● **Exercise goal**
Please copy, exactly as written, the span from the first line below to the line that contains "- Englische Zone", including both, and skip the pictures.

Stored items
Content starts
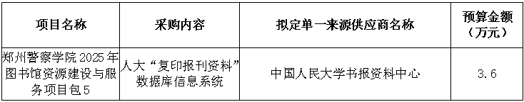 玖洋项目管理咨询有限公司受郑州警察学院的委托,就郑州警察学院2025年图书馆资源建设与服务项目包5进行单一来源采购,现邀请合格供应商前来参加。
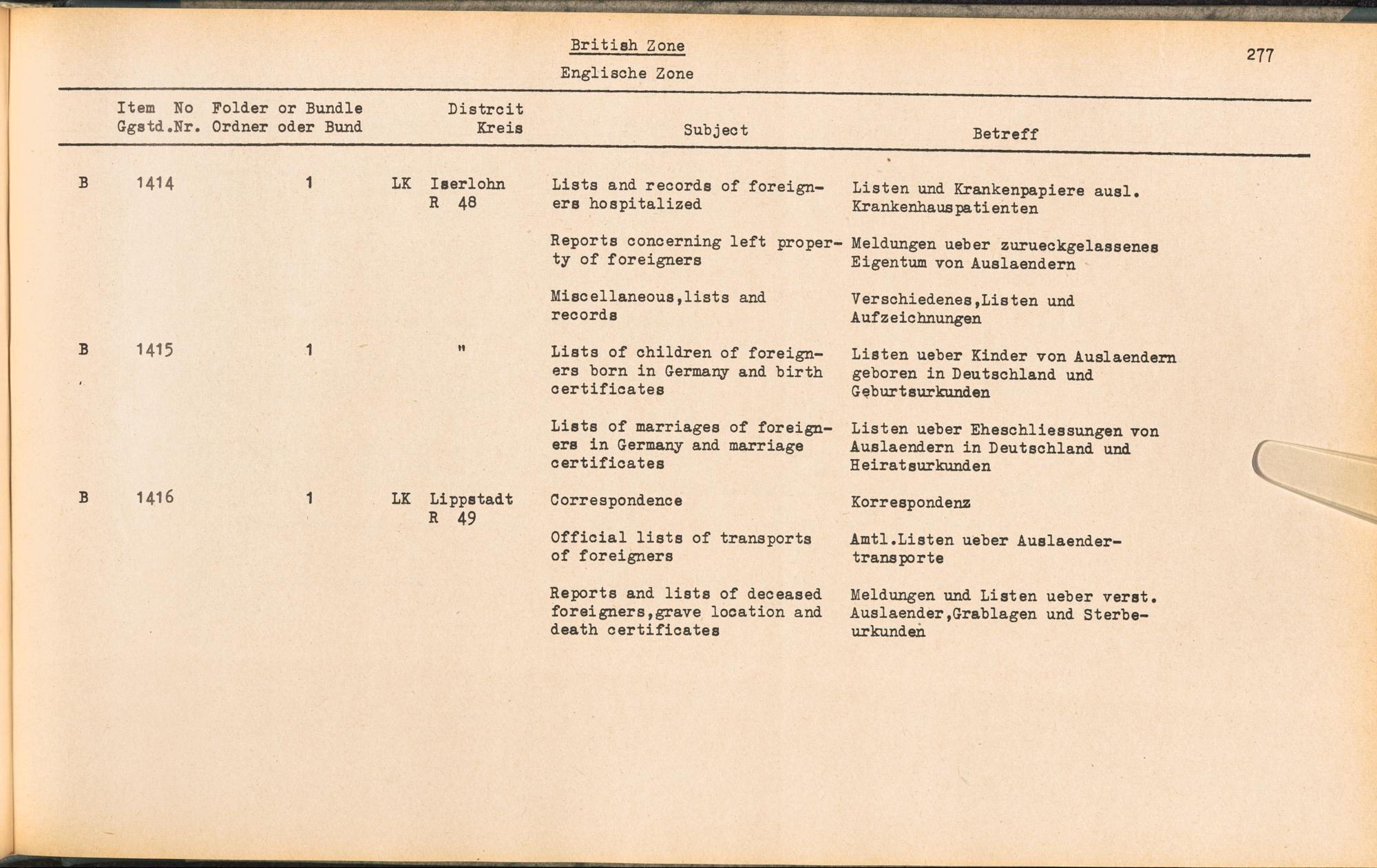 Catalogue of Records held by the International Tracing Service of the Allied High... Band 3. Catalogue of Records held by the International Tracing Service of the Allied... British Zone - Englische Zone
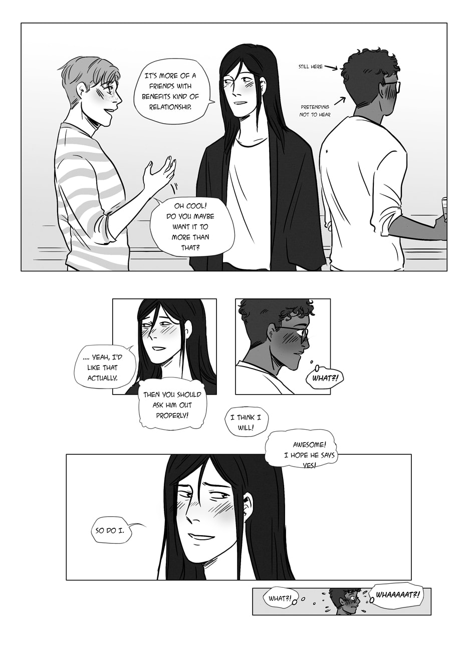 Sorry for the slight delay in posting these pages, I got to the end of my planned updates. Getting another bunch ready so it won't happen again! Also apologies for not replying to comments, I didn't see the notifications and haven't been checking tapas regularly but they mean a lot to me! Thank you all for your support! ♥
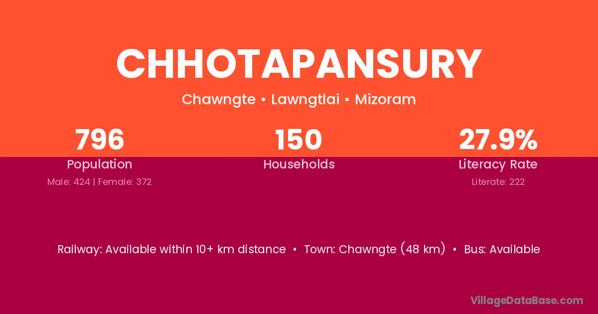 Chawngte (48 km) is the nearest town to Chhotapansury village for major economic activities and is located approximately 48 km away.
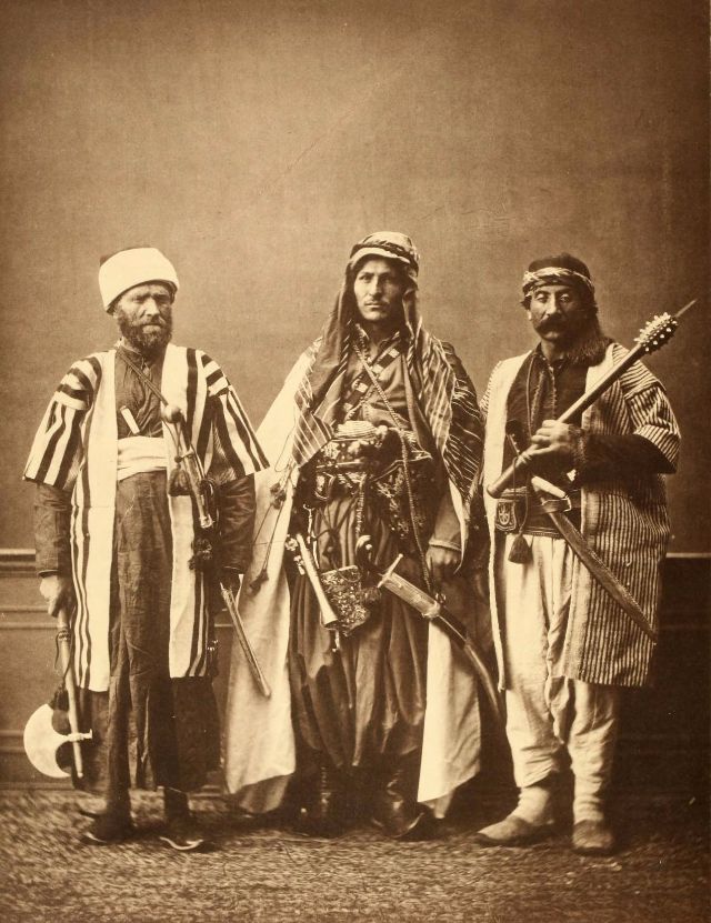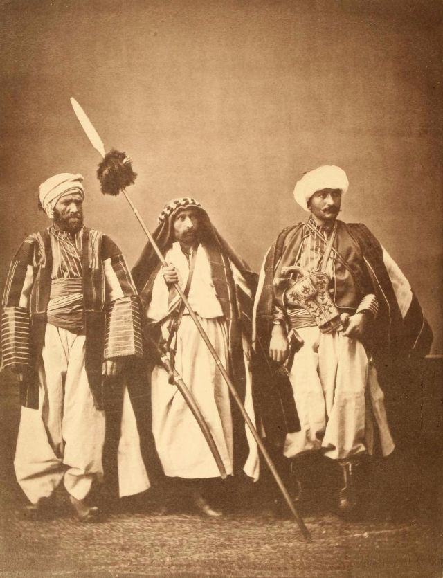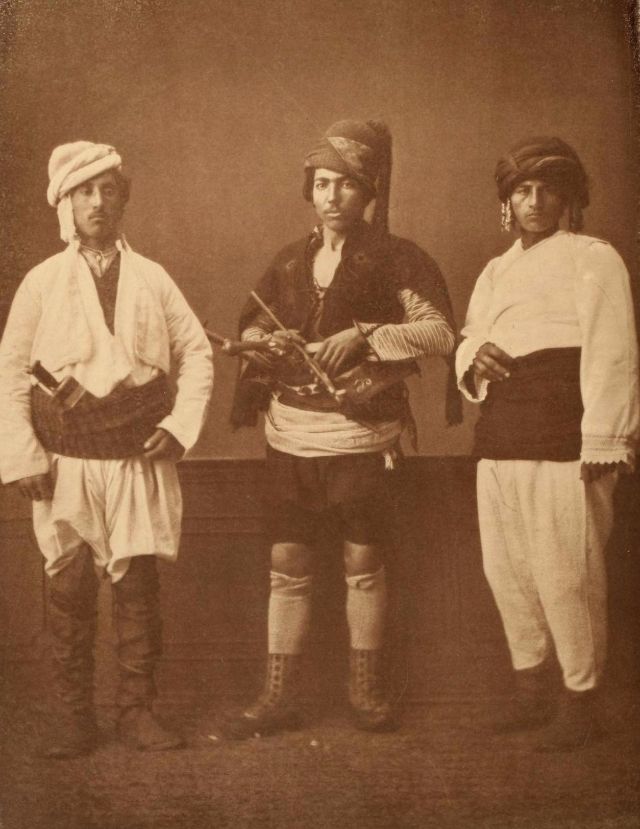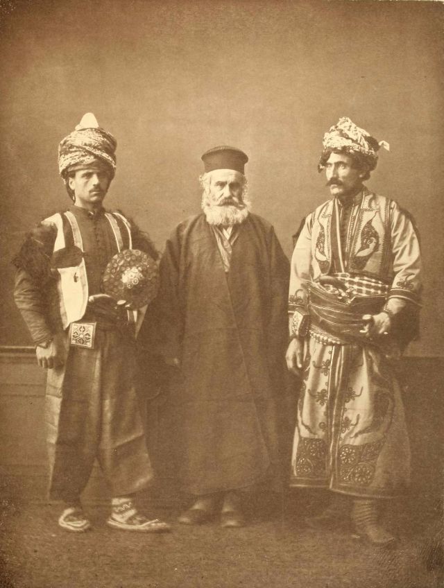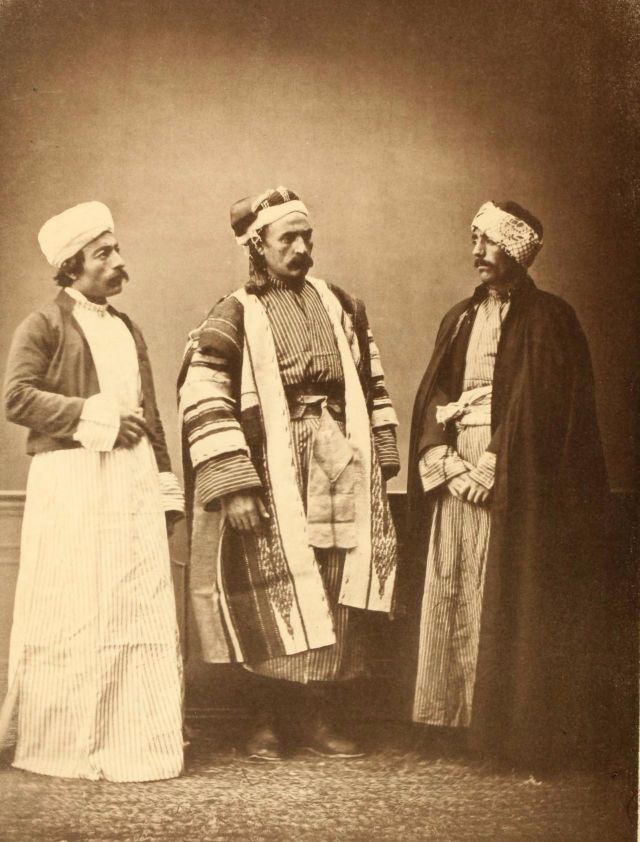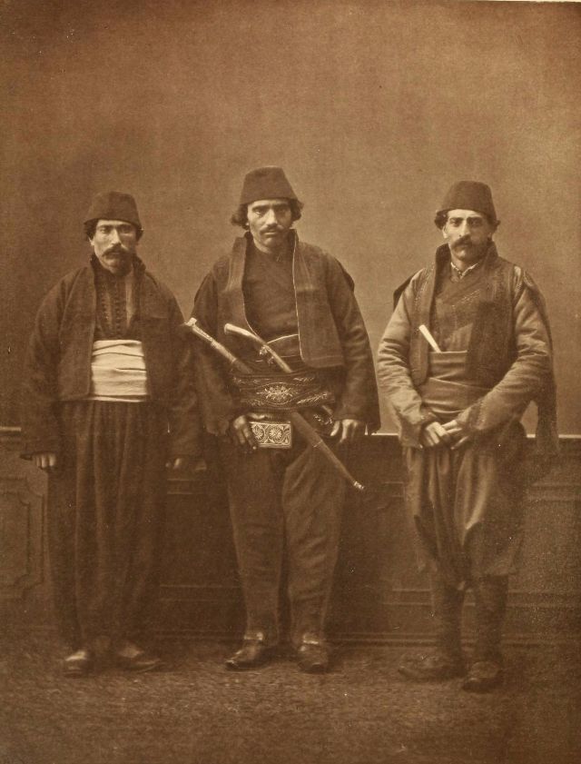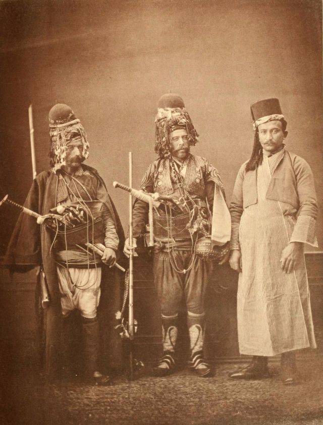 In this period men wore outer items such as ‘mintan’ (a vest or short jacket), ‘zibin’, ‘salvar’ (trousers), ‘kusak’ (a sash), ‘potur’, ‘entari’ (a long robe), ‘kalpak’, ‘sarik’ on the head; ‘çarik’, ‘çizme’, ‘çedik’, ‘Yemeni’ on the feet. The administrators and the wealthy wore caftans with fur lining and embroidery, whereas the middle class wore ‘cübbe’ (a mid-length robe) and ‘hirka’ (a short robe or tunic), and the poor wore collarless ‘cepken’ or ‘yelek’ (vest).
Content ends
● **Expected answer**
 玖洋项目管理咨询有限公司受郑州警察学院的委托,就郑州警察学院2025年图书馆资源建设与服务项目包5进行单一来源采购,现邀请合格供应商前来参加。
 Catalogue of Records held by the International Tracing Service of the Allied High... Band 3. Catalogue of Records held by the International Tracing Service of the Allied... British Zone - Englische Zone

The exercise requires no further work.